France and Germany, two of the bloc's economic heavyweights, see reacting to the IRA as an opportunity to loosen state aid rules for boosting green technologies and the European industry.

The commission last month drafted plans to simplify and speed up companies' access to tax credits in an effort to prevent companies from leaving the EU. It also proposed loosening state aid rules for investments in renewable energy and faster approvals of green projects.

The majority of member states are, however, worried that this plan will create an uneven economic playing field in the EU.

Before committing to more relaxed state aid rules, most member states want the commission to pinpoint exactly which sectors and companies might be left behind as a result of the US incentives.

"We want to put money only in companies that are relevant for the future," an EU diplomat said, on condition of anonymity as ongoing talks are sensitive, adding: "Why we should make state aid flexible in a sector where is not needed?"

We could only support measures that are "temporary, targeted, and limited in order to avoid a subsidy race, and to make sure EU response is proportionate" to US action, another EU diplomat argued.

Some member states argue for new joint funds to tackle the US challenge.

However, Germany, and other fiscally prudent member states, have opposed new joint funds to counter the US subsidies, and want member states to use existing EU funds.

EU leaders are expected to acknowledge the EU Commission's aim to propose a European Sovereignty Fund, but without committing to it.

The commission has so far made no legislative proposal, and has not put forward an assessment of the IRA's impact.

There is little time to agree on any new instrument, as next year the EU will go into election mode, with a new parliament and commission to be ushered in.

"I am not sure it [the sovereignty fund] will ever see the light of day," a third EU diplomat said.

The absorption of the Covid-19 recovery fund by countries' economies — using and accessing the actual money — has proven to be a problem for several member states. These countries would like to extend the deadline to commit the recovery funds beyond 2026, diplomats said on Wednesday. An extension could be one way of throwing a lifeline to troubled sectors or companies impacted by the IRA.

Bending rules

The EU amended its subsidy regime three times in the last three years, first in response to the Covid-19 pandemic, then the energy crisis, and now in response to the IRA.

EU Commission vice-president Margarethe Vestager last month said that the EU executive had approved €672bn state aid for EU governments under its latest crisis mechanism adopted after Russia's invasion of Ukraine.
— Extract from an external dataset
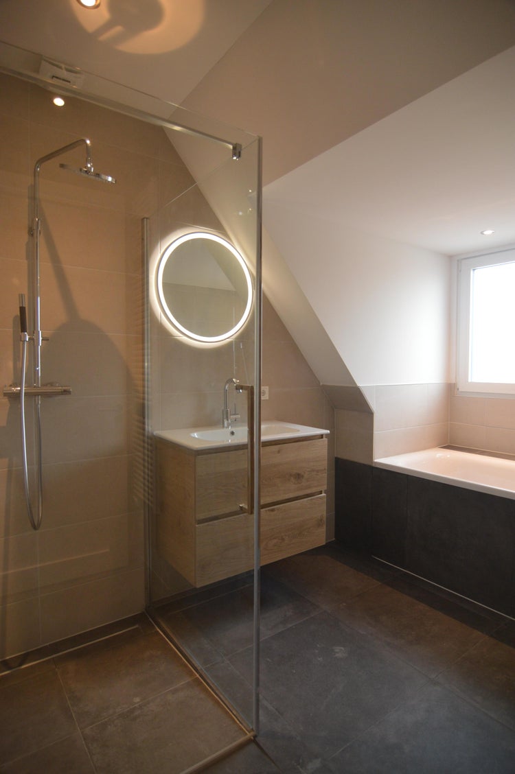 Op de eerste verdieping zijn zowel aan de achterzijde als aan de voorzijde twee ruime slaapkamers aanwezig met een dakkapel op stahoogte. De kamer aan de achterzijde geeft toegang via een deur naar het balkon. De royale badkamer is voorzien van een ligbad, separate douchecabine met een stortdouche en een handdoekenradiator. Ook is hier voldoende bergruimte aanwezig zowel in wastafelmeubel als in een bijbehorende lange kast. Tevens is op deze verdieping ook een separaat toilet aanwezig.

More than two-thirds of that approved state subsidy had been used up by Germany (53 percent) and France (24 percent), followed by Italy with over 7 percent, according to a letter sent by Vestager to member states' governments.
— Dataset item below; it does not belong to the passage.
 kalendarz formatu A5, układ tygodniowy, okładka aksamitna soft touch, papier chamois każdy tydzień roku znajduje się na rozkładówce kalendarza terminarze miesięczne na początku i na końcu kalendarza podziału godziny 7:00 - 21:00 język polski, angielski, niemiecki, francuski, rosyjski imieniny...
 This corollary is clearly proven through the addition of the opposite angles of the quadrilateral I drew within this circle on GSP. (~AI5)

"Mega investments are related to a couple of member states, it is crucial that all EU countries have access to funds," the third diplomat warned.
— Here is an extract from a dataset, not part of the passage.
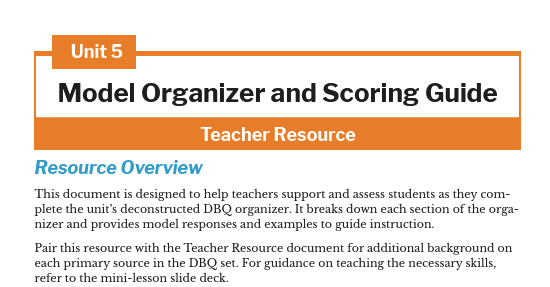 Educator ResourceUnit 5: Early Republic Model Organizer and Scoring Guide Teacher ResourceRubrics to assess the Unit 5 DBQ.

The economy ministers of France and Germany said on Monday that the US had agreed to address European concerns over the IRA but added that their talks with US officials in Washington did not yield any concrete proposals.

Bruno Le Maire, France's economy minister, said he and his German counterpart Robert Habeck had achieved "substantive progress" in their talks in Washington and won "assurances" that the US would seek to alleviate European concerns, Reuters reported.